As an exploration of having a multi-racial identity, I explore symbols that resonate with me. Some I have yet to identify with historically categorized ancestral symbols. The unknown of all of my ancestry is something I reflect on in my work. This piece is a reflection and response to how colonization, globalization, and westernization affects identity, the experience of being of many backgrounds while also not knowing or practicing a culture. I have a disconnection between the few things I know were practiced and a lack of practicing myself. To me, the pieces are ingredients to my identity, a practice of nostalgic exploration.

Present Breath   2022, digital photography

Present Breath is a reflection and response to the history of photography used in

anthropology. The photos and attitudes of anthropologists from the past dehumanize

people of color by scrutinizing their physical traits. The act of profiling is still very much a

social practice today. This work reconsiders the archive of human difference and minimizes

it to a subtle commonality, our breath. Through backlit studio lighting and digital photo

overlaying, this new series of photographs captures the subtle suspended movement in the

cycle of a breath. The work informs and restructures the perception of constructed social

and institutional norms and practices of the past. It considers that humanness isn’t merely

an appearance, but an experience.
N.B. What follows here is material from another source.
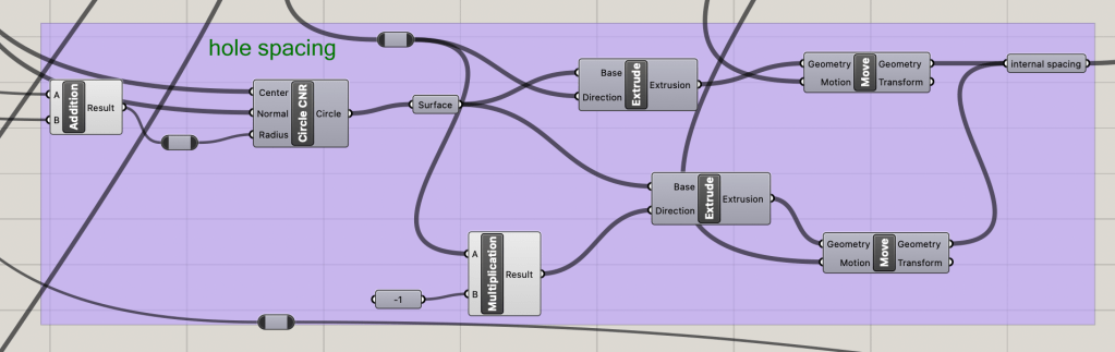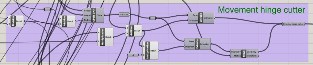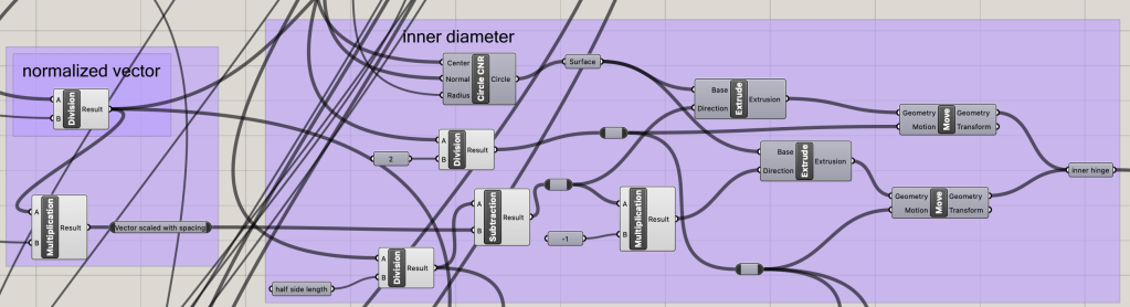 Though much of the design for the hinges is similar for each, there are slight differences to allow for a seamless fit when printed. Using the given points and vector direction as a base, the hinge parts can be spaced correctly when compared with the determined side length number. There are four cyliner needed to make the hinge: the external hinge base, the internal hinge base, themovement spacing and the hinge rod.

It begs the question, what more do we have in common?

TAKE SOME, LEAVE THE REST

an exploration of the turbulent times under militarism, patriarchy, and capitalism that increase vulnerability for caregivers in an increasingly disaster prone world 

2023 readymade, acrylic on canvas, and audio installation

Through still life painting, audio recording, and ready-made installation, I explore intersections of private and public life for people who assert the role as caregivers. 

Despite the importance of caregiving in both ordinary and disaster situations, patriarchy and binary gender norms devalue the tasks of caregiving and overvalue militant approaches to resolution. 

Take Some, Leave the Rest is not only a reminder to prepare in case of emergency, but also a reminder of the looming threat of institutional and societal structures like capitalism that brew climate inaction and militarization. These structures enable and continue patterns of marginalization and increase precarity for people around the world.

Audio piece

Artifacts in a Carrier Bag

2022, digital photography

Artifacts in a Carrier Bag is a still life photography series that displays the nostalgic or essential items people carry with them. The Carrier Bag Theory of Human Evolution, coined by the anthropologist Elizabeth Fisher, argues that the first cultural device used by humans was probably a carrier bag. This contradicts the commonly assumed and glorified stereotype of humans as primarily hunters. This series emphasizes the behavior of collecting objects as a quintessentially human experience, connecting our modern everyday lives to our gathering ancestors of the distant past.

Concrete Below

2022, digital photography

Concrete Below explores views from above through digital photography and digital manipulation. Taken of concrete floor, these studies mimic Google Earth imaging and contemplate a world of concrete. These views from above pose questions about our relationship to the natural world as humans continue to manipulate it.